[TRY IT]
Word for word, repeat the lines of the records from the first line up to and including the line that contains "二楼的毁灭神迹位置在(379", passing over any pictures.
═════ SUPPLIED RECORDS ═════
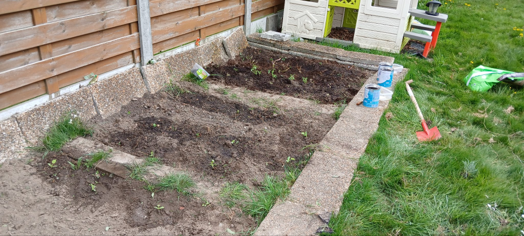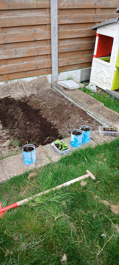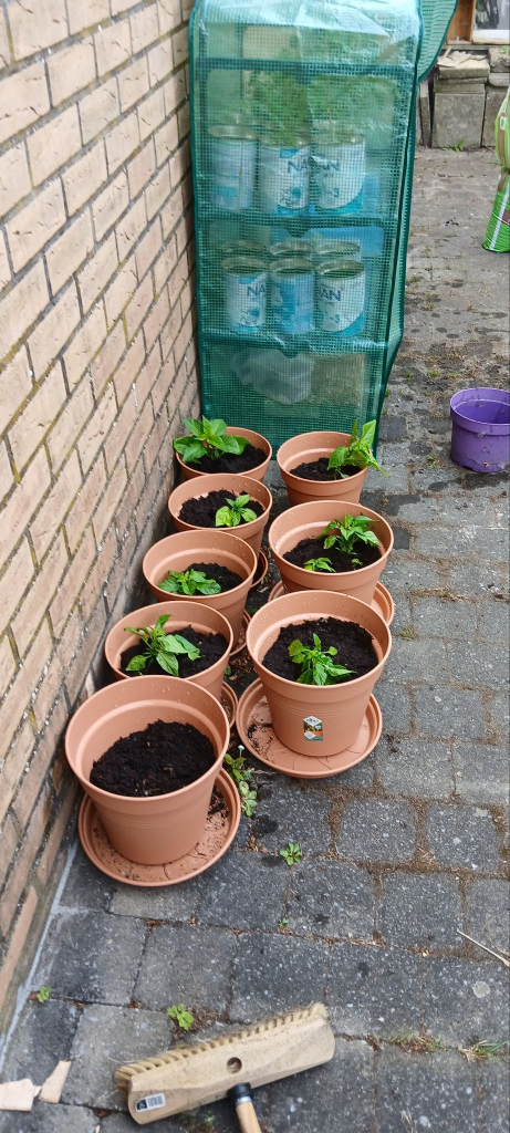Decided to put some (original intent) in plant pots for optimal growth and displace a few of the plants into the full ground.
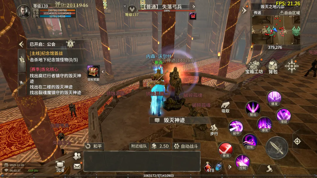 二楼的毁灭神迹位置在(379,276),注意该位置需通过楼梯前往二楼,与第三阶段任务二楼核心位置相同,找到毁灭神迹点击进入副本完成挑战即可。
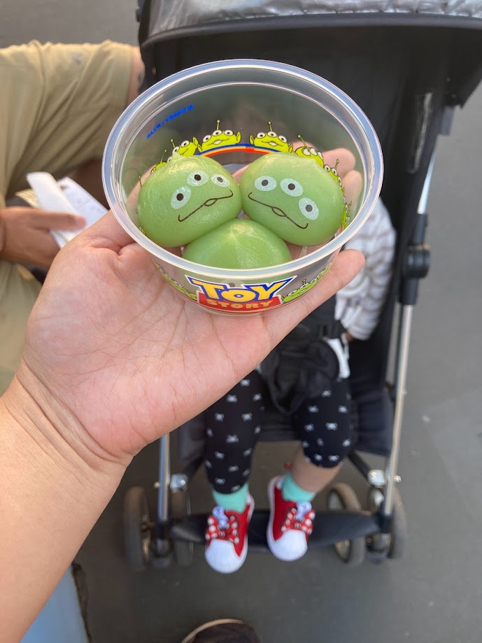 I went into the nearest gift shop to find something to commemorate the trip: matching Tokyo Disneyland sweatshirts for me and baby. I got it really large so it still fits her today! If I had had more time, I probably would have bought more. I also got the alien mochi from a cafe. Yes, they were cute and delicious.
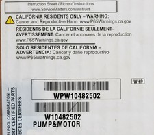 Whirlpool WPW10482502 Pump and Motor wpw10482502
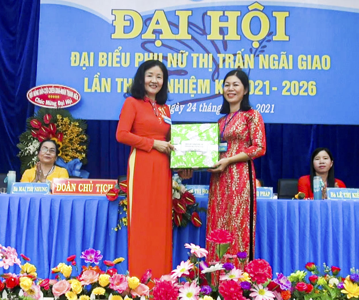 | Đoàn Chủ tịch điều hành Đại hội Đại biểu Phụ nữ TT. Ngãi Giao lần thứ VI, nhiệm kỳ 2021-2026. |
═════
[RESULT OF THE TASK]
Decided to put some (original intent) in plant pots for optimal growth and displace a few of the plants into the full ground.
 二楼的毁灭神迹位置在(379,276),注意该位置需通过楼梯前往二楼,与第三阶段任务二楼核心位置相同,找到毁灭神迹点击进入副本完成挑战即可。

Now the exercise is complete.